According to them, the government needs to explain its claim and allow experts to investigate its systems. On Tuesday, the Minister of Communications and Digital Economy, Isa Pantami, disclosed that 12.99 million cyberattacks were recorded during election week.

He stated that on the presidential election day (25th February), there were 6.99 million attacks. He explained that the attacks recorded included a series of hacking attempts including Distributed Denial of Service, email and IPS attacks, SSH login attempts, brute force injection attempts, path traversal, detection evasion, and forceful browsing.

Pantami noted that the Presidential cybersecurity committee for the election was up to the task and blocked all the attacks.

A statement signed by Pantami’s spokesperson, Uwa Sulaiman, read in part, “It is worth noting that in the run-up to the 2023 General Elections, threat intelligence revealed an astronomical increase in cyber threats to Nigerian cyberspace.

“Generally, threats to public websites and portals averaged around 1,550,000 daily. However, this skyrocketed to 6,997,277 on Presidential Election Day.”

However, cybersecurity experts have countered the claims of the government explaining that propaganda could be informing the claim.

The President of Nigeria Computer Society, Professor Adesina Sodiya, told The PUNCH, “Based on my personal experience, I am wondering how they would experience that amount of large cyberattack in a day during the election.

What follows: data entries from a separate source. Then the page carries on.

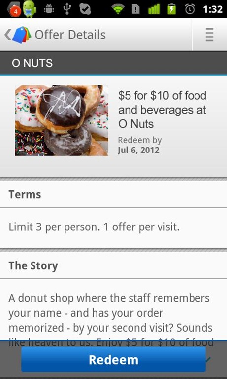 Looks like Google is on fire today. A few hours ago, we’ve already reported about the updates for Google+, Google Reader and Google Docs apps. All these 3 apps have adopted some of the look-and-feel of Android 4.0 Ice Cream Sandwich OS style. Now, a new app is awaiting in the Android Market for you. In late May. Google has announced a new app called “Offers” along with the Google Wallet app. Offers are delivered based on location and preferences which works hand-in-hand with Google Wallet. Google has already released the Wallet app in late September. Finally, Google has now released the Google Offers app for Android platform. It took a long time for the company to announce the availability of the Google Offers app. With the help of the Offers app, users can view, purchase and redeem deals right from their Android devices. You can use the app without the NFC chip required for Google Wallet. Yes, NFC chip is not required to use this app, you can redeem it straight from the phone, so no need to worry about the lack of NFC feature on your handset. To redeem offers, you just have to tap your phone.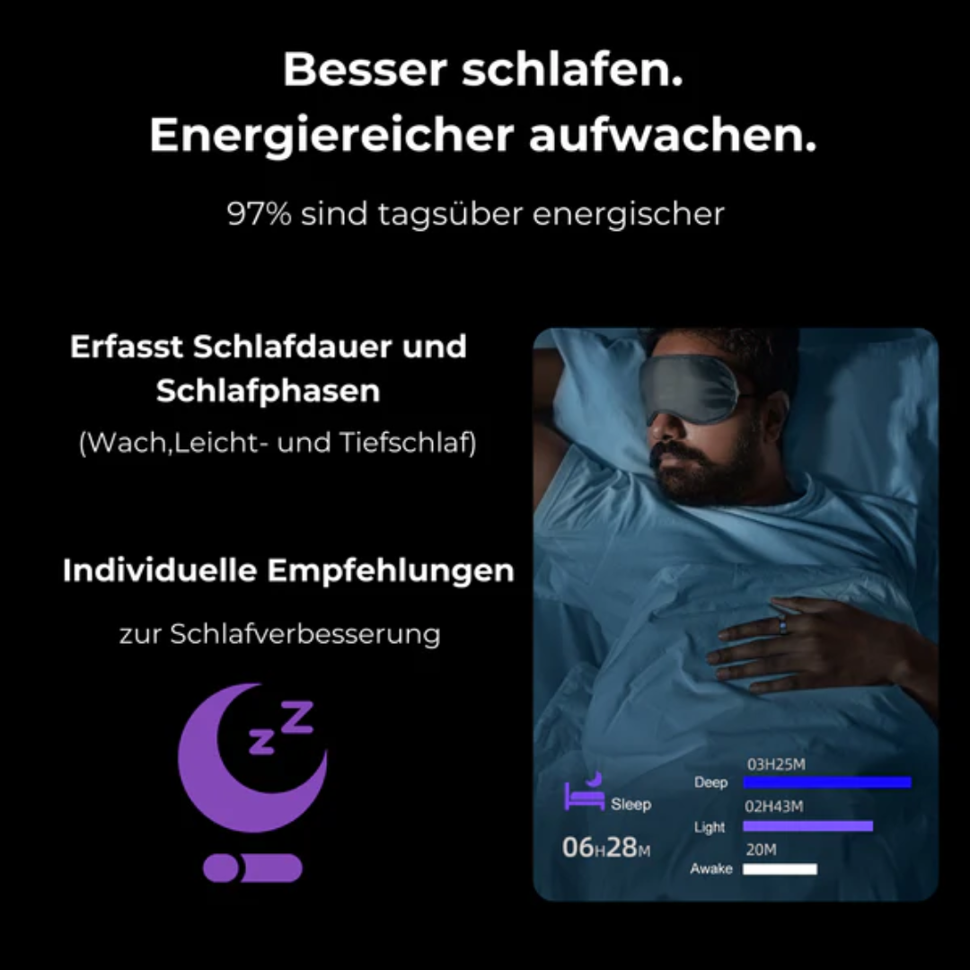 Der Smart Ring trackt deine Schlafphasen und gibt individuelle Empfehlungen, damit du ausgeruhter und energiegeladener aufwachst.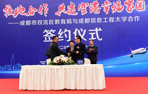 于世祥在讲话中对长期以来关心和帮助成信大建设发展的双流区领导、各兄弟高校、各界人士和广大朋友表示衷心感谢,对双方的成功合作表示热烈祝贺。他表示,我校与双流区教育局双方携手,开展校地合作共建,助推社区教育发展,对构建和谐双流,促进双流高质量发展具有十分重要的意义。此次合作的开展,为学校履行服务国家战略和区域经济社会发展职责搭建了一个很好的平台,有利于学校在服务社会中不断提高人才培养质量和科研水平。于世祥提了两点希望:一是希望参加社会实践和志愿服务的同学们要珍惜锻炼机会,端正工作态度,矢志不渝地坚持“奉献、友爱、互助、进步”的志愿者服务精神,践行“爱心、责任、行动”的优良校风,把自己的学习所得与志愿服务有效结合起来,在实践中经风雨、做贡献、长才干。二是希望学校相关部门要以此次签约为契机,把双流的需求、资源与我校的学科、科研以及人才培养紧密结合起来,在更大范围和空间开展校地深度合作。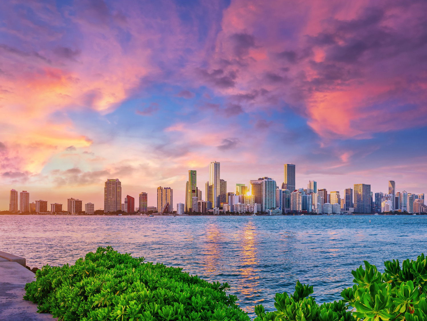 Ljuddämpande tavla – Panorama of miami during för lugnare rum och mjukare akustik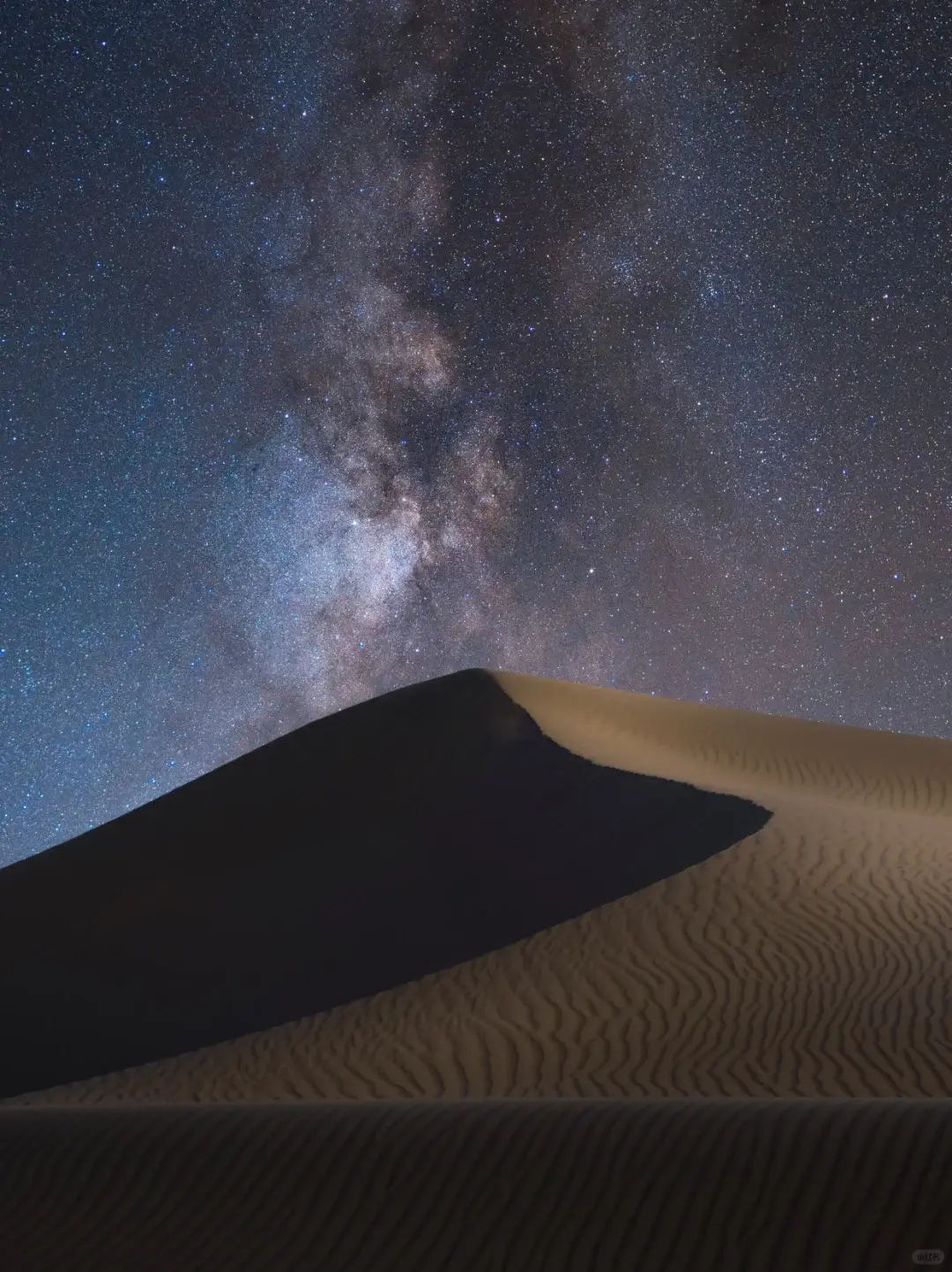高速列车驰骋向新城区,抵达时沙海之中仰望星辰。夜幕低垂,沙海静谧无声,无瑕的苍穹将银河映照得格外分明,在一片寂静之中,浩瀚的宇宙星河宛如触手可及。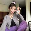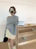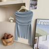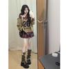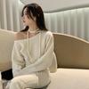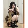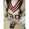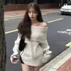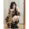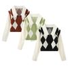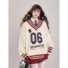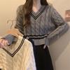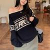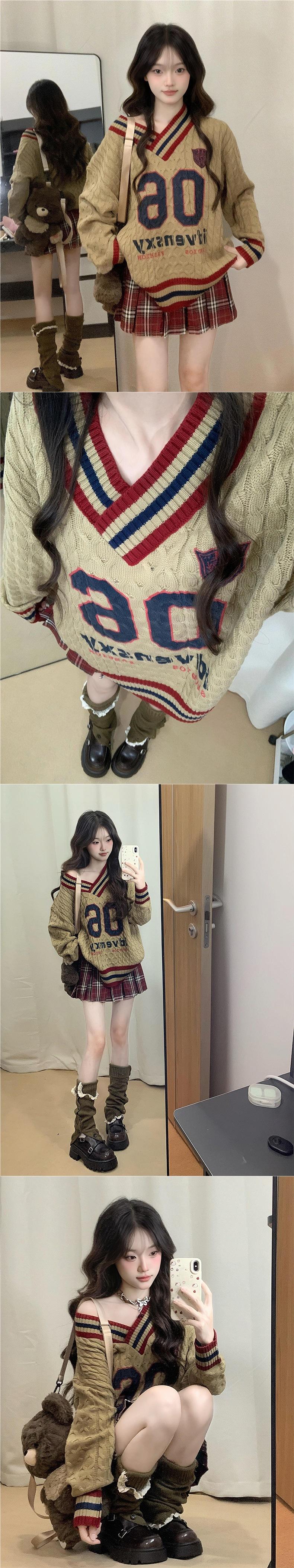 Suéter holgado estilo preppy perezoso con hombros descubiertos de punto grueso de cable para mujer otoño e invierno retro americano holgado cuello en V bloque de color punto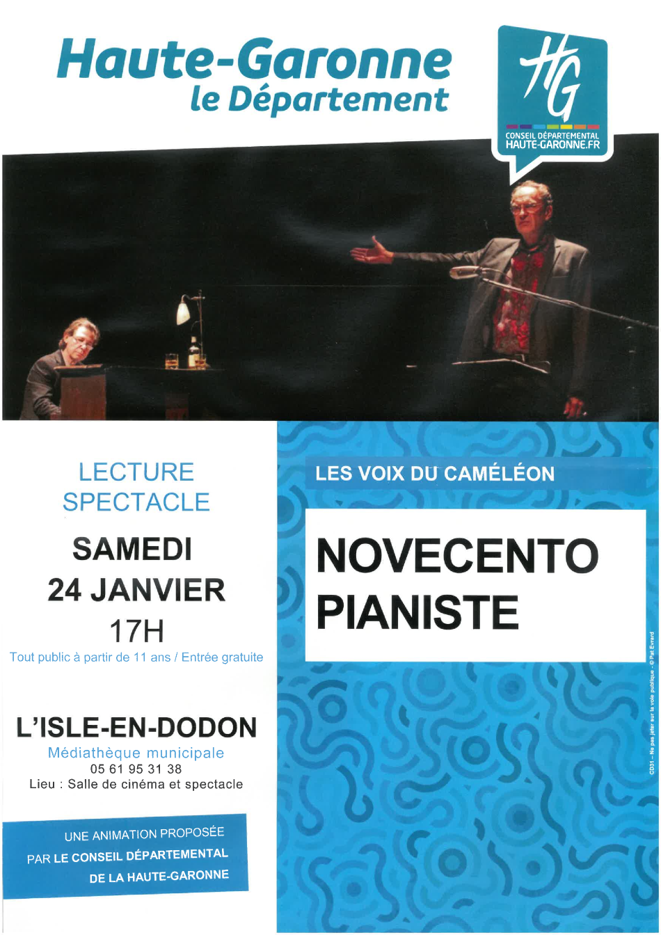 Après avoir été joué au festival off d'Avignon et dans toute la France, ce spectacle fait halte à L'Isle-en-Dodon grâce au partenariat avec la médiathèque départementale. Né lors d'une traversée, Novecento, à 30 ans et n'a jamais mis le pied à terre. Naviguant sans répit sur l'Atlantique, il passe sa vie les mains posées sur les 88 touches noires et blanches d'un piano, à composer une musique étrange et magnifique, qui n'appartient qu'à lui : la musique de l'Océan dont l'écho se répand dans tous les ports.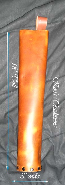 - Full Descriptions coming soon - These are new, hand crafted Wood bottom Leather Back Quiver. Most are 16" to 18" Tall/Long and are 3" wide at the top. Theses are Tube style (type) back quivers They hold 1 to 1 1/2 dozen arrows and can be use with BROAD HEADS The Straps are approx 30" to 45" Long *depending on quiver x approx. 2" wide and Are adjustable. Holes are approx. 1" apart and have Brass or Nickel eyelets in them, more holes and eyelets can be added to make the strap shorter. Bottom is made of Pine or Cedar and is attached with Antique Brass, Black or Nickel tacks.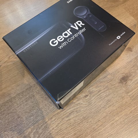 Samsung Gear VR-briller designet for virtuell virkelighet. Produktet har et kompakt design.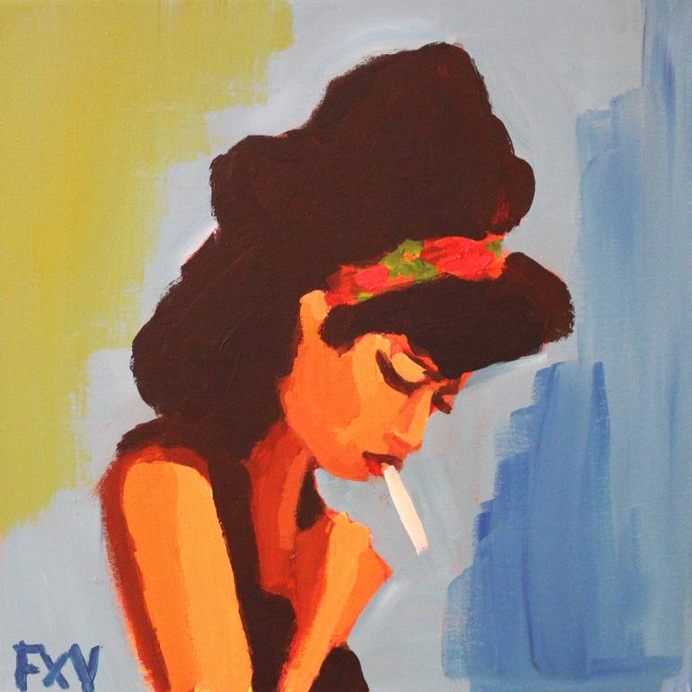 This vibrant portrait is a stunning representation of the iconic Amy Winehouse. The artist captures her unmistakable features and aura, blending expressive brushstrokes with bold color contrasts. The fiery orange and red tones in her face and hairband evoke passion and intensity, while the cool blue...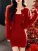 Vestido Jaqueta Cardigan Tricotado Vermelho de Alta Qualidade Ano do Zodíaco Conjunto de Duas Peças para Mulheres Usarem no Outono e Inverno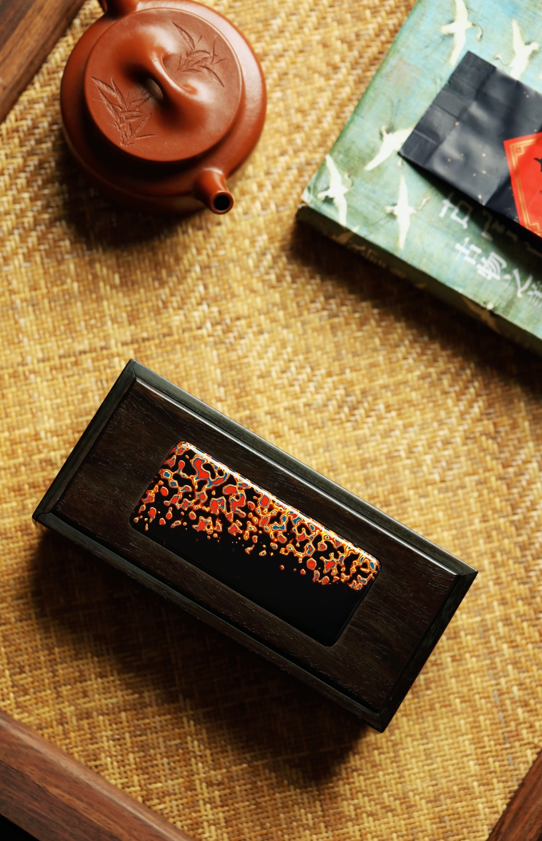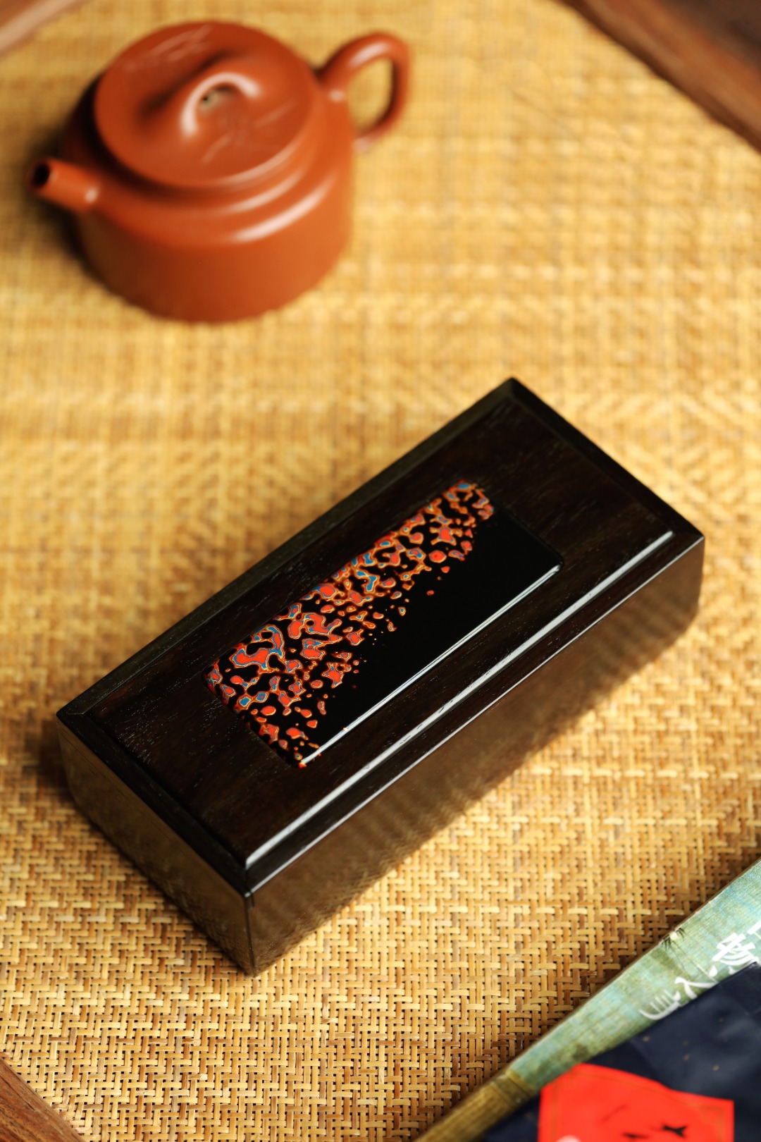 制型讲究,榫卯结构,盒面大漆点缀,精致小巧。密封性好可做香盒,茶盒,储物之用。
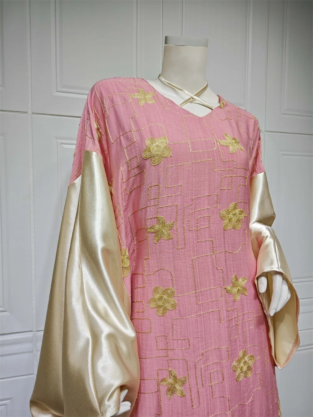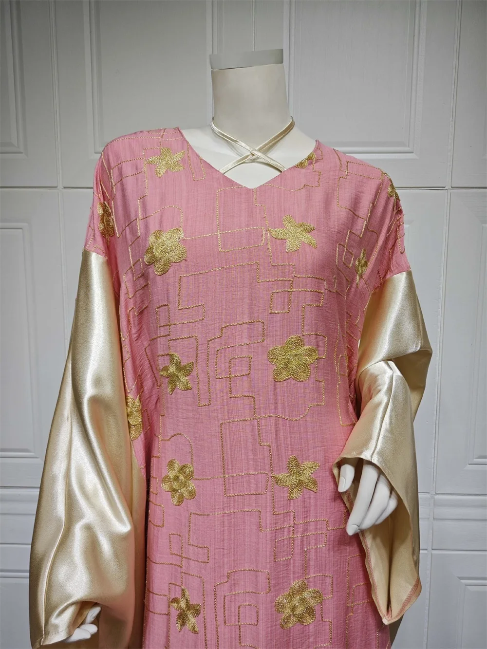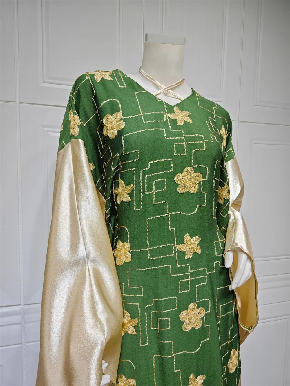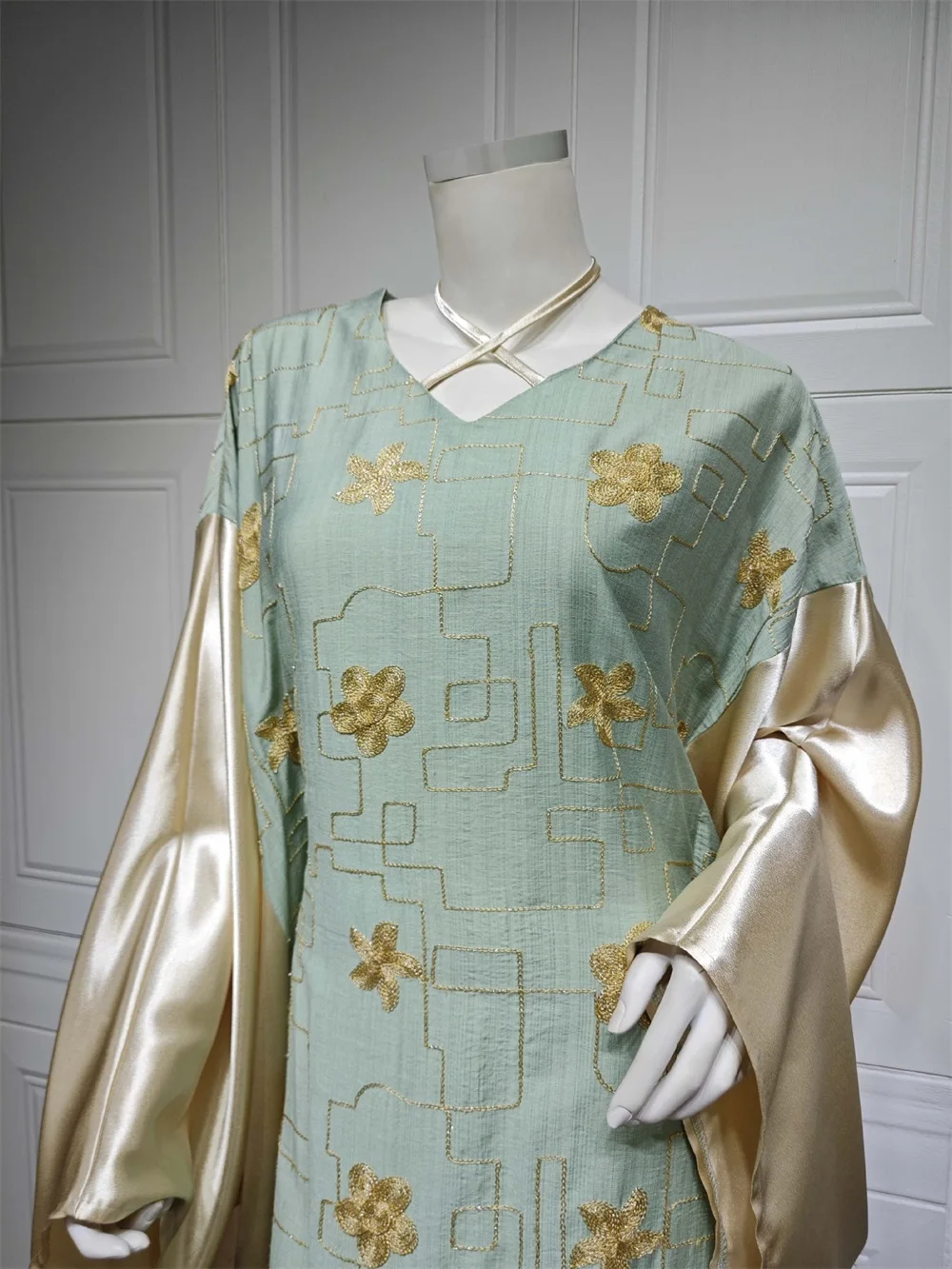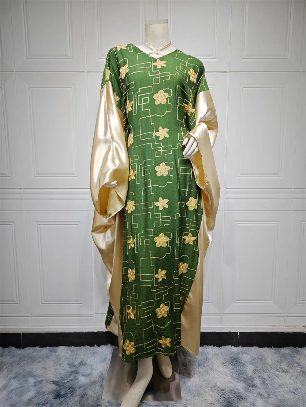 Siskakia Arab Dubai Fashion Floral Embroidery Long Dresses Moroccan Kaftan Casual Contrast Color Batwing Sleeve Abaya For Women
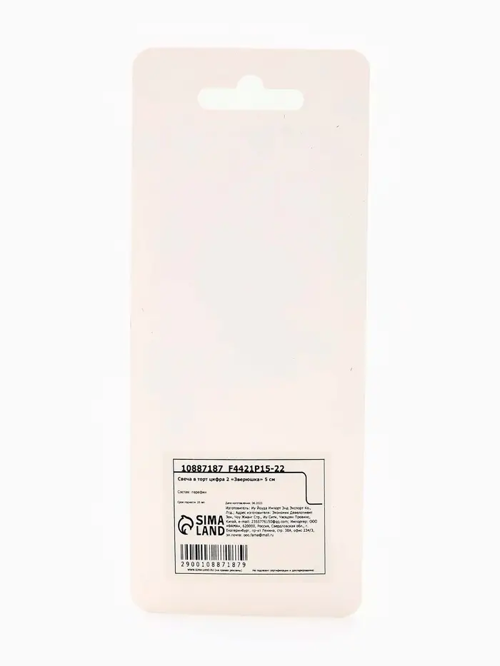 Свеча для торта цифра 2 «Зверюшка», 5 см

“Based on my experience, I do not think we could have up to that. But we need further information as to why they said that.”

He stated that when the NCS tried to find out if INEC had recorded any attack recently, the chairman of the commission stated that there was no attack. “Now that they are saying there were cyberattacks, it is not correlating.”

Explaining further, Sodiya, said, “In my experience as a professor of cybersecurity, they cannot experience that amount of cyberattacks.

“Cyberattacks are sometimes coordinated. When they try once and they don’t get access, they try again.”